When I attended the public comment session, I was furthermore horrified to learn that the EPA plans to remove state’s rights to set their own higher emission standards, as has been done in California.  This would mean that states would be powerless to cut carbon emissions from transportation and power plants. With the federal government doing all it can to hasten the demise of our livable climate, state legislation has been our great hope.  Do your own reading. Write your own letter. This is about the survival of the human race.

Time is running out.  We have 12 years left to transition to renewable energy. Public comments are due by October 26th.”

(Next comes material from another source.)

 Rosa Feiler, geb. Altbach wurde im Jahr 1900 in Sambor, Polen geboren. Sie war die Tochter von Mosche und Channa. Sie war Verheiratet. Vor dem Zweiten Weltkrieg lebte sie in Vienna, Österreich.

“My name is Anais Tuepker, I am the Interim Co-Executive Director of 350PDX as well as a public health researcher, and I am appalled that, at this moment in history the EPA is considering weakening standards on greenhouse gas emissions as proposed in the Safer Affordable Fuel Efficient (SAFE) Vehicles Rule and the Affordable Clean Energy (ACE) Rule. In health policy analysis, we’ve learned to be wary of pure cost analyses, because the cheapest health care, viewed narrowly enough, is no health care. That option is certainly cheap, and if you don’t count the costs of people being sick, unable to work, and dying prematurely – if you just keep all those things out of your analysis of costs and don’t consider the goal of health – it’s very “efficient.” 

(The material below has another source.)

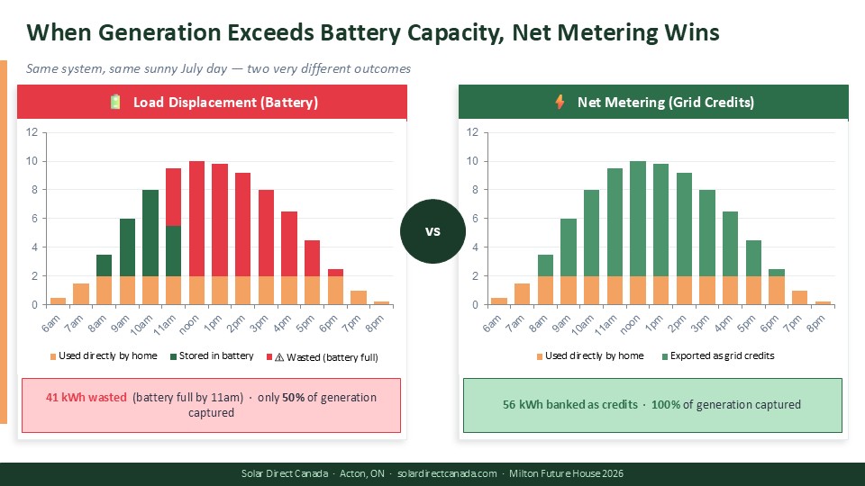 Send 56 kWh to the grid on a summer day. Draw back the equivalent of 84 kWh in purchasing power. The grid doesn’t degrade, doesn’t need replacing, and has unlimited capacity. Under Ontario Regulation 541/05, you have a 12-month rolling window to use your credits — a well-sized system draws them down comfortably over winter.

The EPA‘s arguments for the proposed regulatory changes are just as ridiculous, just as disingenuous, and just as deadly. in these new proposals EPA focuses inappropriately on allowing individual car drivers/consumers (in the case of SAFE) and industrial polluters (in the case of ACE) to generate more greenhouse gas emissions and toxic emissions, because essentially lower prices and higher efficiency will allow them to pollute not just as much, but even more than currently, without higher costs to themselves. In addition, by loosening the rules on when existing power plant modifications need regulation, the proposed changes would weaken existing protections not just against increased greenhouse gas emissions but any and all kinds of toxic air pollution also resulting from such modifications. It’s like EPA is saying, as long as they stay within their budgets, we have to let them pollute as much as they can. But there is a global CO2 emissions budget EPA is  ignoring, and on that budget we are already far into the red. The report released last week by the UN Intergovernmental Panel on Climate Change (IPCC) took a strong stand in telling the world what we need to do to avoid catastrophic climate disruption. Global CO2 emissions are going to have to be cut by 45% by 2030, and we’ll need to have transitioned to a zero-emissions economy by 2050. What’s encouraging is that the report also lays out ways in which the required rapid change is technically feasible. This is absolutely not the moment for either fatalism or pandering to short-term private interests. It is unconscionable that the EPA seeks now to set aside its legal obligations to set standards in line with the science and with the public interest.  The proposed changes violate EPA‘s responsibilities and should not be allowed. 
Thank you for the opportunity to submit comments.”